Codinaeopsin is an antimalarial isolated from a fungal isolate found in white yemeri trees (Vochysia guatemalensis) in Costa Rica.  It is reported to have bioactivity against Plasmodium falciparum with an IC50 = 2.3 μg/mL (4.7 μM). Pure codinaeopsin was reported to be isolated with a total yield of 18 mg/mL from cultured fungus.   The biosynthesis of codinaeopsin involves a polyketide synthase-nonribosomal peptide synthetase (PKS-NRPS) hybrid.

Biosynthesis

Formation of linear polyketide
The first step of the biosynthesis of codinaeopsin involves the assembly of the a linear polyketide by use of seven modules and incorporation of six methylmalonyl CoAs and one malonyl CoA by polyketide synthases (type I PKSs).
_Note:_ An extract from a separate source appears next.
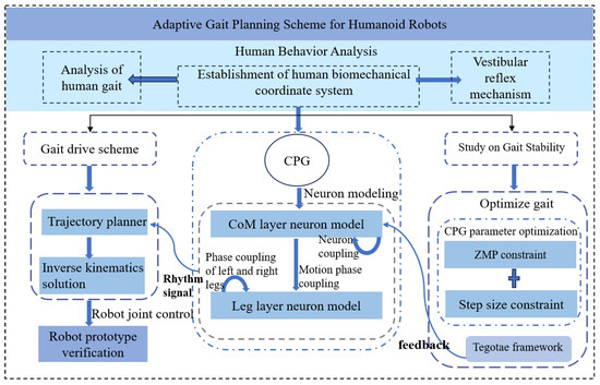 The structure of this paper is organized as follows: Section 1 is the introduction section, which describes the research status and trends of CPG in walking control of humanoid robots. Section 2 explores the development of the Kimura CPG neuron model based on the movement characteristics of the human body and details the design of specific spatial motion planning models. Section 3 delves into the theoretical foundation for achieving stable walking in humanoid robots and elaborates on the rules for CPG parameter modulation. Section 4 presents simulations and physical experiments of humanoid robot walking to validate the effectiveness of the proposed gait planning method, which integrates an optimization algorithm with CPG. The research concepts presented in this paper and the framework for CPG-based bionic gait design are illustrated in Figure 1.

Formation of tetramic acid (2,4-pyrrolidinone)
L-Tryptophan is introduced by a nonribosomal peptide synthetase (NRPS) module and results in the central heterocyclic tetramic acid (2,4-pyrrolidinone).  The formal oxidation-reduction is found to be achieved by a series of tautomeric shifts involving enol and imine intermediates in the ring and consistent by discovery both C-2’ epimers.

Cyclization of PKS-assembled unit
The PKS unit is hypothesized to cyclize by a Diels-Alder-like addition similar to other natural products such as lovastatin and solanapyrone.